<<<<
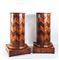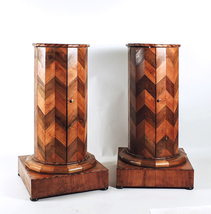 COPPIA DI COMODINI A COLONNA IMPIALLACCIATI IN NOCE E CILIEGIO - PAIR OF WALNUT AND CHERRYWOOD VENEERED COLUMN NIGHT TABLES prima metà del XIX secolo - first half of 19th Century piano impiallacciato con motivo di raggiera, fusto sfaccettato impiallacciato con motivo fiammato, fronte ad uno sportello, su base quadrata h cm 104x52,5x52,5
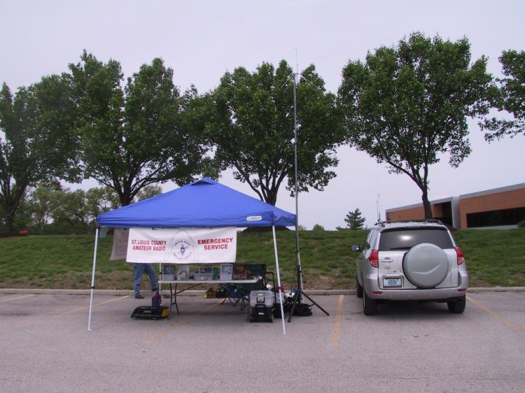 I'd met up with Steve, KC0QMU, at the staging area earlier that morning. Steve is our ARES® group's Emergency Coordinator and was the director of the exercise we were going to run that day. He had already set up his canopies, radios and the ARES promotional material at staging. His new ARES banners were fluttering in the morning breeze.
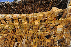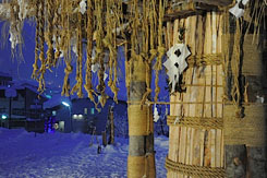 構造的には四本のご神木(通し柱)を組み、それに屋根にあたる部分は丸太を交互に七段に積み上げてあり、その上に雑木が積み上げられている。結して簡易なものではなく、ご神木に巻いてある縄の巻き方を見ても、かなりの熟練した技術と時間がかかっている事が想像出来る。 |
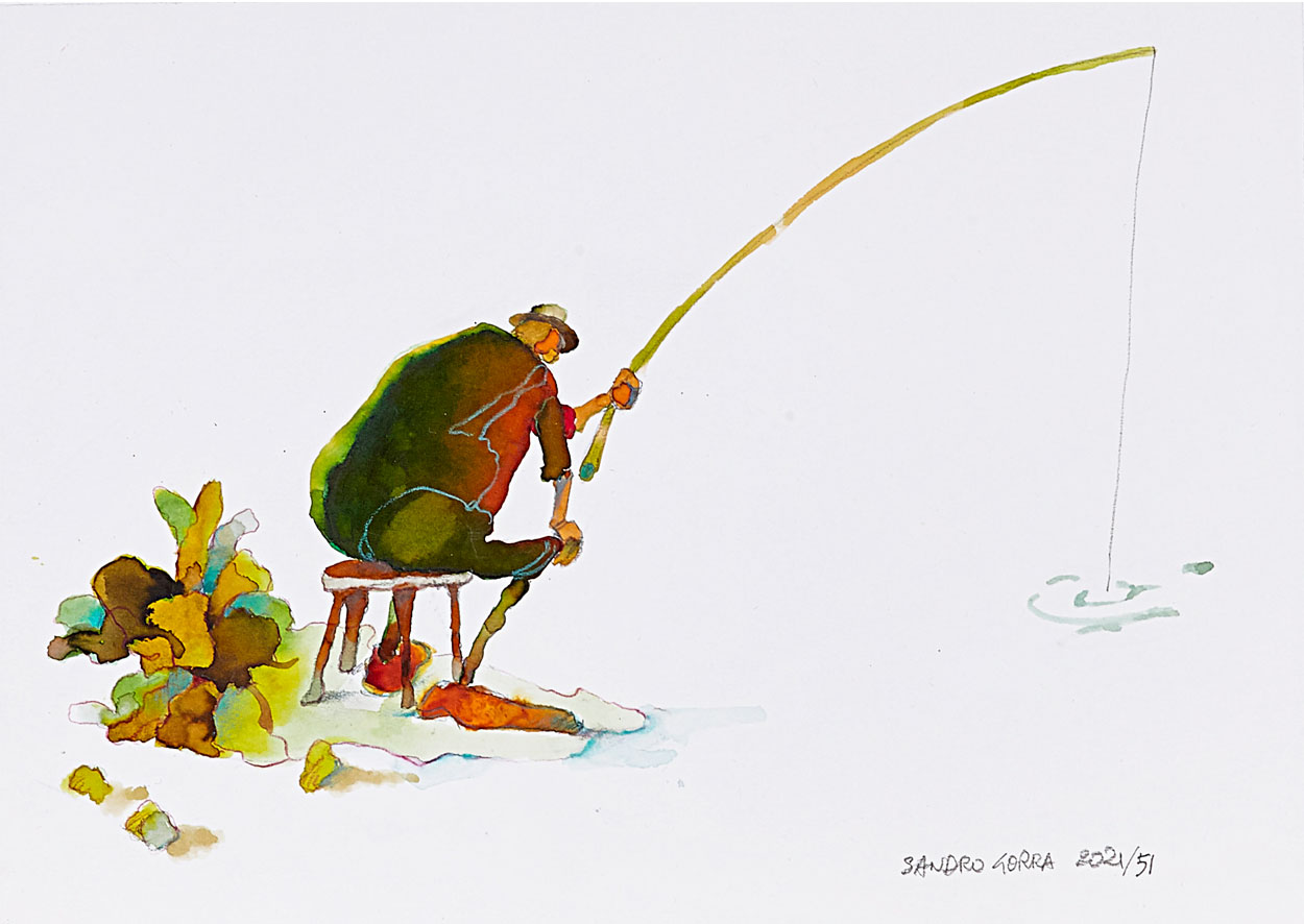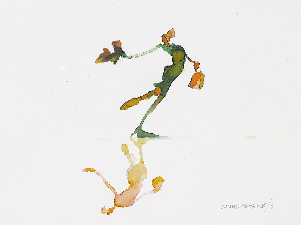 Quando l’attimo quotidiano è davvero la particella elementare più piccola, nascono gli US. L’artista qui è alla ricerca del movimento. L’opera è dipinta con antiche aniline su schoeller superliscio a fondo bagnato. Il colore scivola creando velature vetrose, così il dipinto sembra muoversi. Gorra dice che ci si aspetta di sentire suoni e rumori da un momento all’altro. La pennellata non deve avere il tempo di definirsi. Minuti per dipingerlo, minuta la misura.
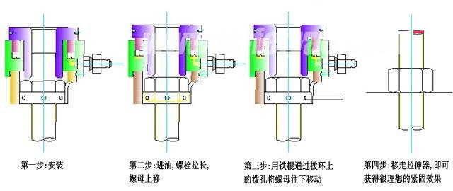 ①拆開螺帽時依據液壓拉伸器的最大提升高度的不同旋松的也不相同,嚴格按說明書要求;
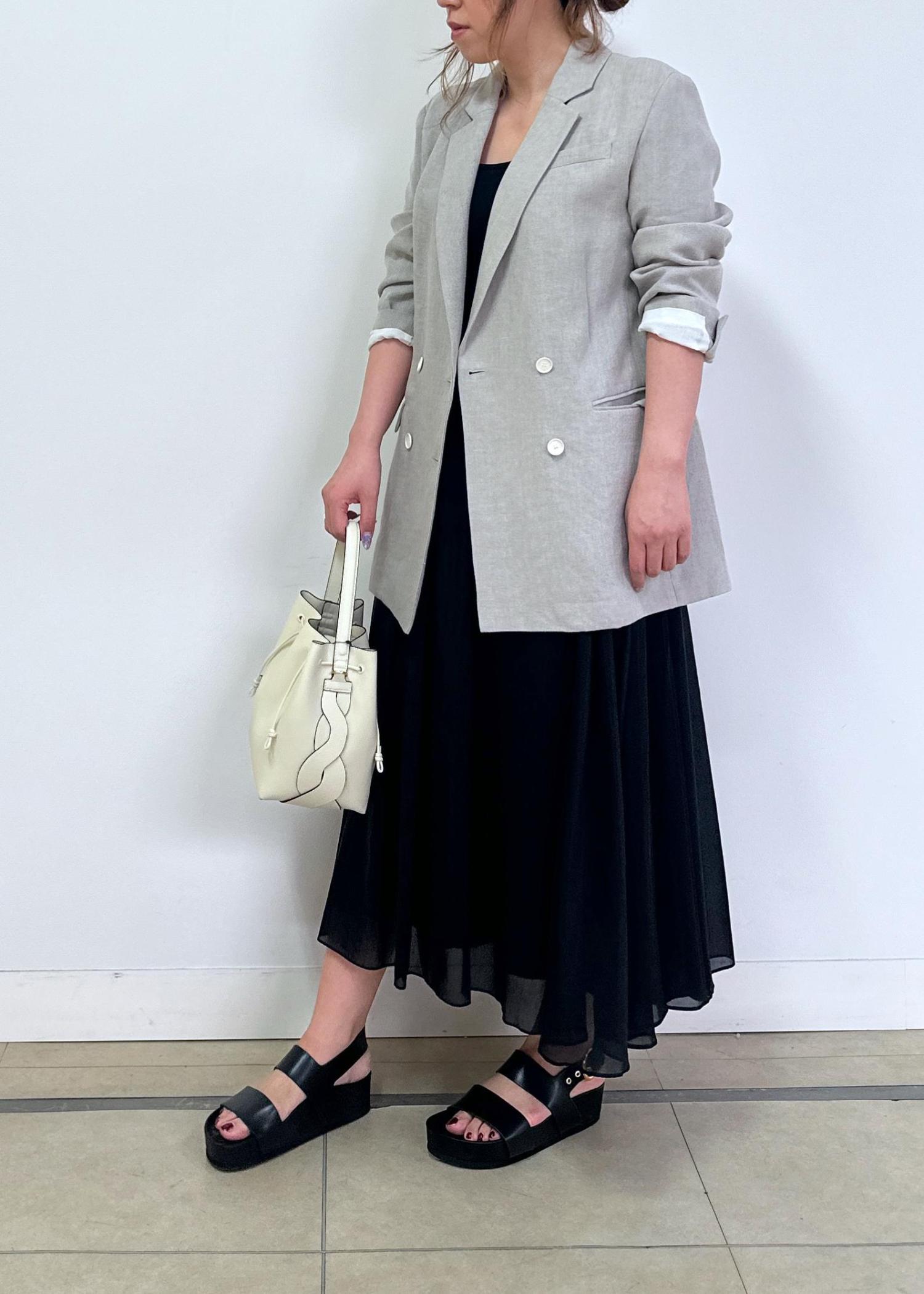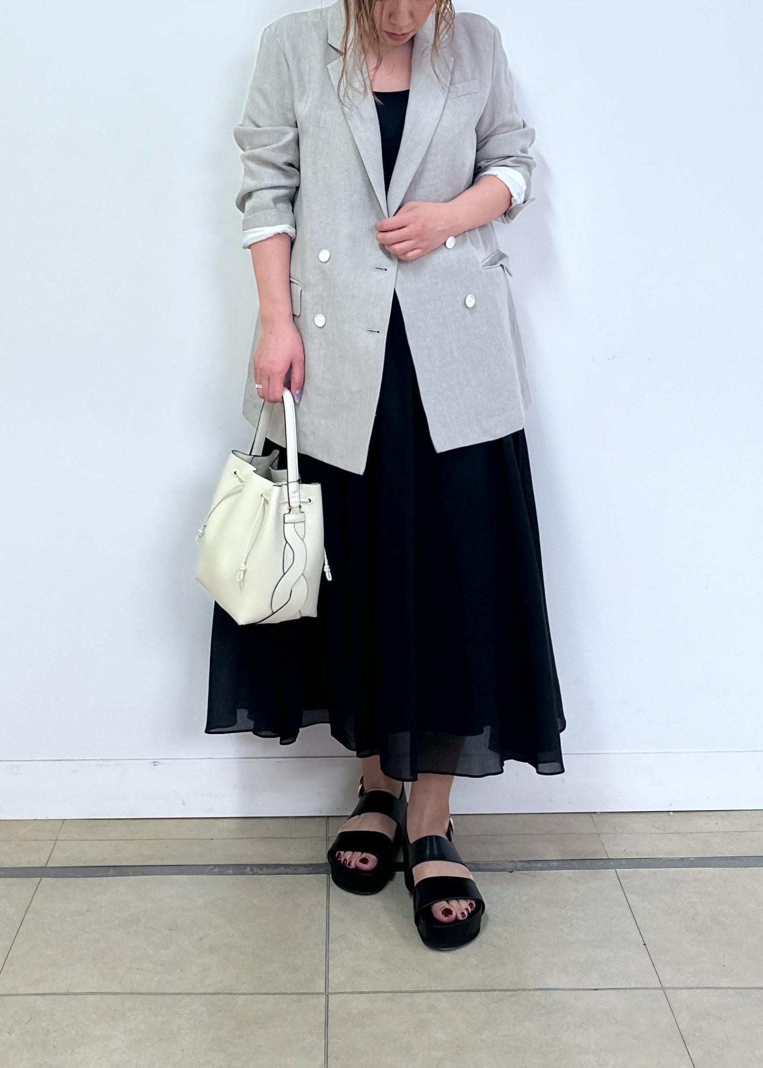 同素材のワンピースも作っているので一緒に合わせてきてもきれいめに着ていただけます。
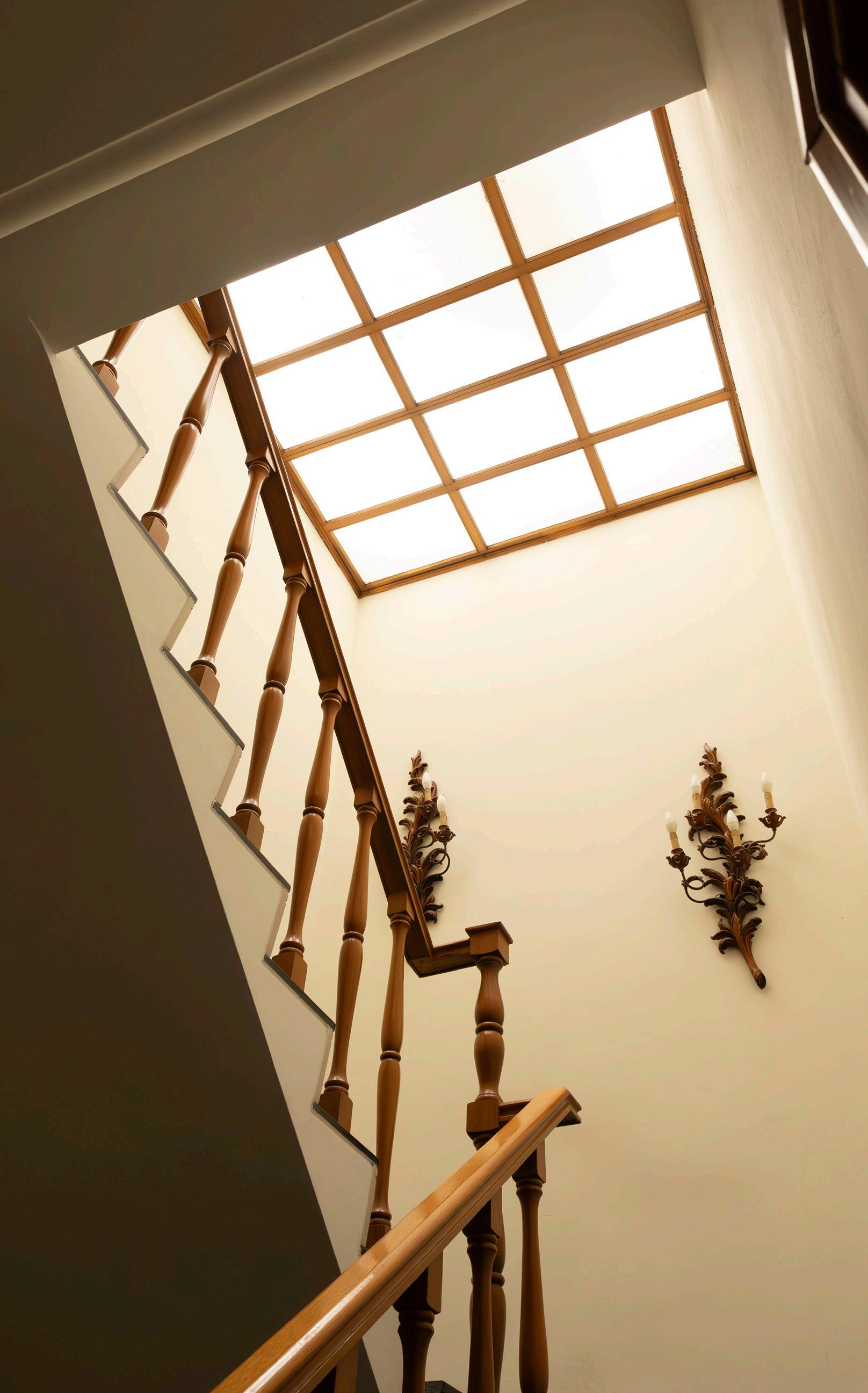 lucernario in vetro opalino incorniciato da griglia in legno naturale
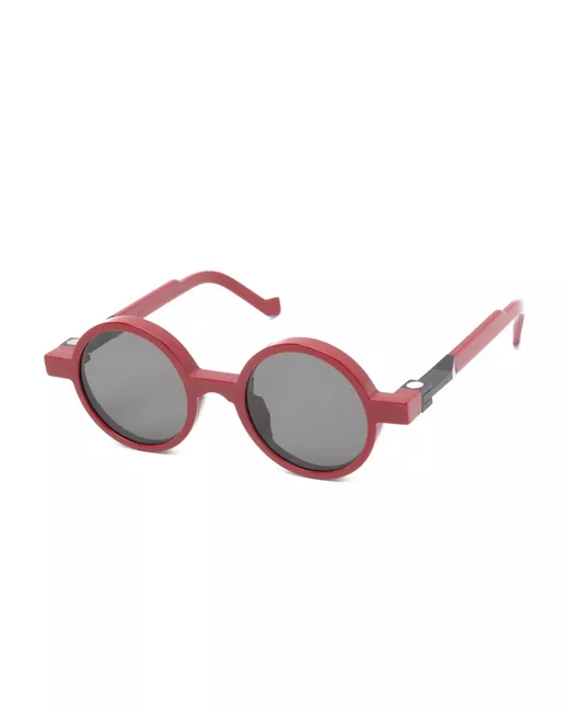 red round frame tinted lenses nose pads straight temples temple tip detail These glasses come with a protective case.
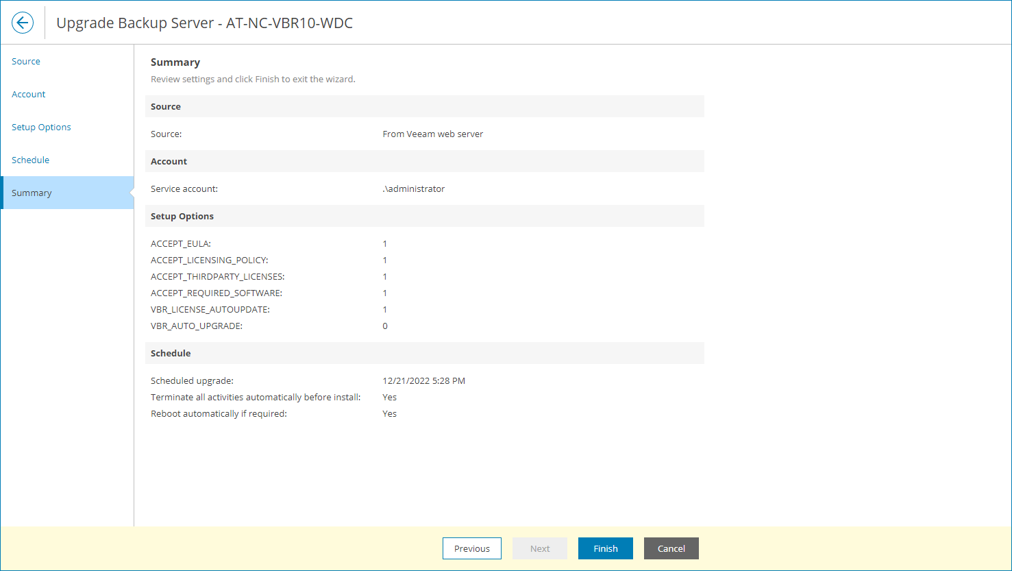 - At the Summary step of the wizard, review upgrade settings and click Finish.
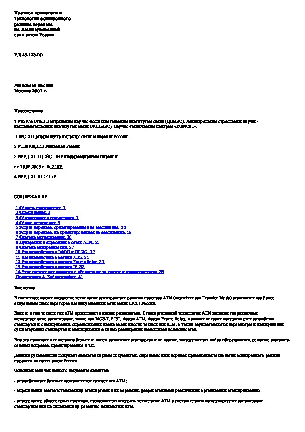 РД 45.123-99: Порядок применения технологии асинхронного режима переноса на Взаимоувязанной сети связи России
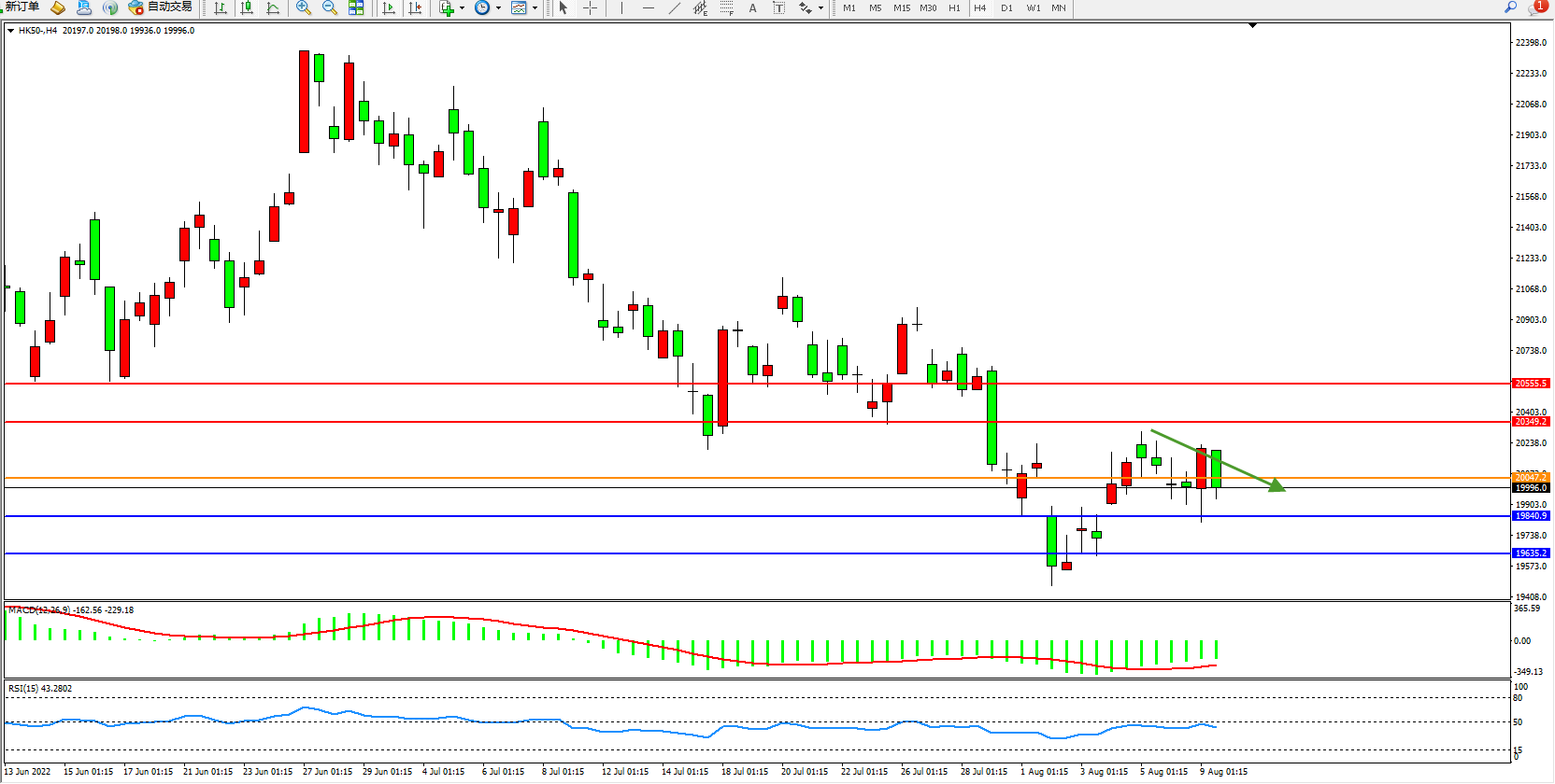 恒指HK50 4小时图
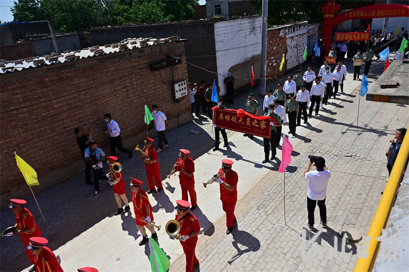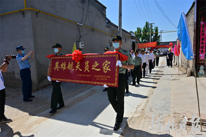 6月6日,在“英雄航天員”蔡旭哲的家鄉深州市,省軍地等有關單位和部門組成立功受獎報喜團,為蔡旭哲家庭敬送喜報,并為蔡旭哲家庭贈送了“英雄航天員之家”牌匾和慰問金。河北日報記者焦磊攝
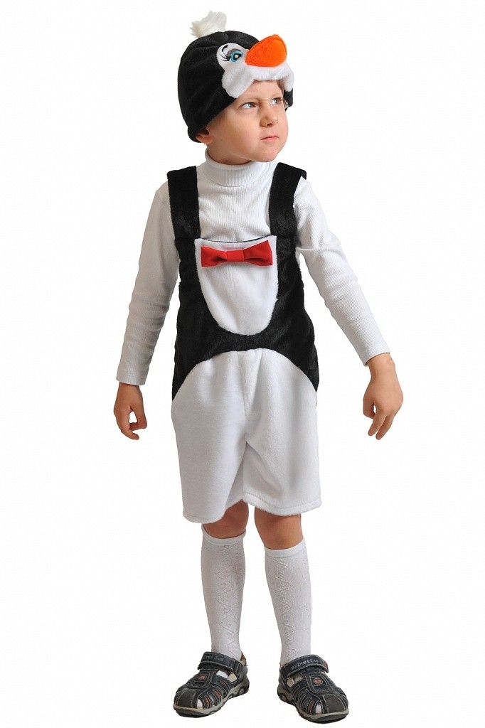 Плюшевый костюм пингвинчика - мягкий костюм, выполненный в черно-белом цвете. В комплект костюма входит комбинезон с белыми шортиками и черно-белым топом, который дополнен красным галстуком-бабочкой, а также шапочка-маска в виде головы пингвина с небольшим хохолком.
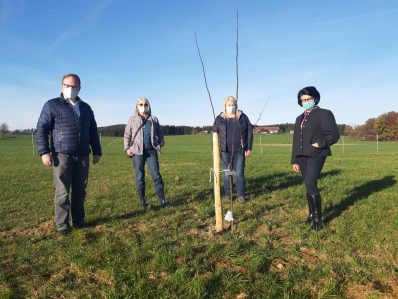 Beim Ortstermin in Elperting besichtigten Priens Bürgermeister Andreas Friedrich mit der aus einer Landwirtschaft und Obsterzeugung stammenden Gemeinderätin Rosi Hell und Umweltreferentin Angela Kind die Neupflanzung. „Wir bedanken uns im Namen der Gemeinde beim Obst- und Gartenbauverein, sowie bei all unseren Obstgartenbesitzern. Ich möchte auch herausstellen, dass derartige Aktionen beweisen, dass unsere Landwirte aktive Umweltschützer sind. Unsere regionale Landwirtschaft ist sehr wichtig für die Artenvielfalt. Landwirtschaft und Umwelt funktionieren nur Hand in Hand.“, betont Friedrich und freut sich besonders, dass auf seinem Gemeindegebiet neue Streuobstwiesen entstehen, zumal Riepertinger vorwiegend alte Obstsorten angepflanzt hat, wie z.B, den Apfel Holzollinger Rambour. „Auch wenn ich aus einem Betrieb mit Obstanbau stamme, kenne ich nicht alle Sorten“ gesteht Riepertinger. „Damit ich die Sorten über die Jahre nicht vergesse, habe ich gleich Sortenschilder beim 2. Vorstand des Obst- und Gartenbauvereins mitbestellt“, so die Bäuerin. Ernst Wörtz gravierte die Schilder in mühevoller Handarbeit und liefert die Metallschilder auf Bestellung gegen eine kleine Gebühr gleich mit.
>>>>
- _WORK REQUEST_:
All of the records above are to be written out exactly, minus their images.

- _RESULT_:
 COPPIA DI COMODINI A COLONNA IMPIALLACCIATI IN NOCE E CILIEGIO - PAIR OF WALNUT AND CHERRYWOOD VENEERED COLUMN NIGHT TABLES prima metà del XIX secolo - first half of 19th Century piano impiallacciato con motivo di raggiera, fusto sfaccettato impiallacciato con motivo fiammato, fronte ad uno sportello, su base quadrata h cm 104x52,5x52,5
 I'd met up with Steve, KC0QMU, at the staging area earlier that morning. Steve is our ARES® group's Emergency Coordinator and was the director of the exercise we were going to run that day. He had already set up his canopies, radios and the ARES promotional material at staging. His new ARES banners were fluttering in the morning breeze.
 構造的には四本のご神木(通し柱)を組み、それに屋根にあたる部分は丸太を交互に七段に積み上げてあり、その上に雑木が積み上げられている。結して簡易なものではなく、ご神木に巻いてある縄の巻き方を見ても、かなりの熟練した技術と時間がかかっている事が想像出来る。 |
 Quando l’attimo quotidiano è davvero la particella elementare più piccola, nascono gli US. L’artista qui è alla ricerca del movimento. L’opera è dipinta con antiche aniline su schoeller superliscio a fondo bagnato. Il colore scivola creando velature vetrose, così il dipinto sembra muoversi. Gorra dice che ci si aspetta di sentire suoni e rumori da un momento all’altro. La pennellata non deve avere il tempo di definirsi. Minuti per dipingerlo, minuta la misura.
 ①拆開螺帽時依據液壓拉伸器的最大提升高度的不同旋松的也不相同,嚴格按說明書要求;
 同素材のワンピースも作っているので一緒に合わせてきてもきれいめに着ていただけます。
 lucernario in vetro opalino incorniciato da griglia in legno naturale
 red round frame tinted lenses nose pads straight temples temple tip detail These glasses come with a protective case.
 - At the Summary step of the wizard, review upgrade settings and click Finish.
 РД 45.123-99: Порядок применения технологии асинхронного режима переноса на Взаимоувязанной сети связи России
 恒指HK50 4小时图
 6月6日,在“英雄航天員”蔡旭哲的家鄉深州市,省軍地等有關單位和部門組成立功受獎報喜團,為蔡旭哲家庭敬送喜報,并為蔡旭哲家庭贈送了“英雄航天員之家”牌匾和慰問金。河北日報記者焦磊攝
 Плюшевый костюм пингвинчика - мягкий костюм, выполненный в черно-белом цвете. В комплект костюма входит комбинезон с белыми шортиками и черно-белым топом, который дополнен красным галстуком-бабочкой, а также шапочка-маска в виде головы пингвина с небольшим хохолком.
 Beim Ortstermin in Elperting besichtigten Priens Bürgermeister Andreas Friedrich mit der aus einer Landwirtschaft und Obsterzeugung stammenden Gemeinderätin Rosi Hell und Umweltreferentin Angela Kind die Neupflanzung. „Wir bedanken uns im Namen der Gemeinde beim Obst- und Gartenbauverein, sowie bei all unseren Obstgartenbesitzern. Ich möchte auch herausstellen, dass derartige Aktionen beweisen, dass unsere Landwirte aktive Umweltschützer sind. Unsere regionale Landwirtschaft ist sehr wichtig für die Artenvielfalt. Landwirtschaft und Umwelt funktionieren nur Hand in Hand.“, betont Friedrich und freut sich besonders, dass auf seinem Gemeindegebiet neue Streuobstwiesen entstehen, zumal Riepertinger vorwiegend alte Obstsorten angepflanzt hat, wie z.B, den Apfel Holzollinger Rambour. „Auch wenn ich aus einem Betrieb mit Obstanbau stamme, kenne ich nicht alle Sorten“ gesteht Riepertinger. „Damit ich die Sorten über die Jahre nicht vergesse, habe ich gleich Sortenschilder beim 2. Vorstand des Obst- und Gartenbauvereins mitbestellt“, so die Bäuerin. Ernst Wörtz gravierte die Schilder in mühevoller Handarbeit und liefert die Metallschilder auf Bestellung gegen eine kleine Gebühr gleich mit.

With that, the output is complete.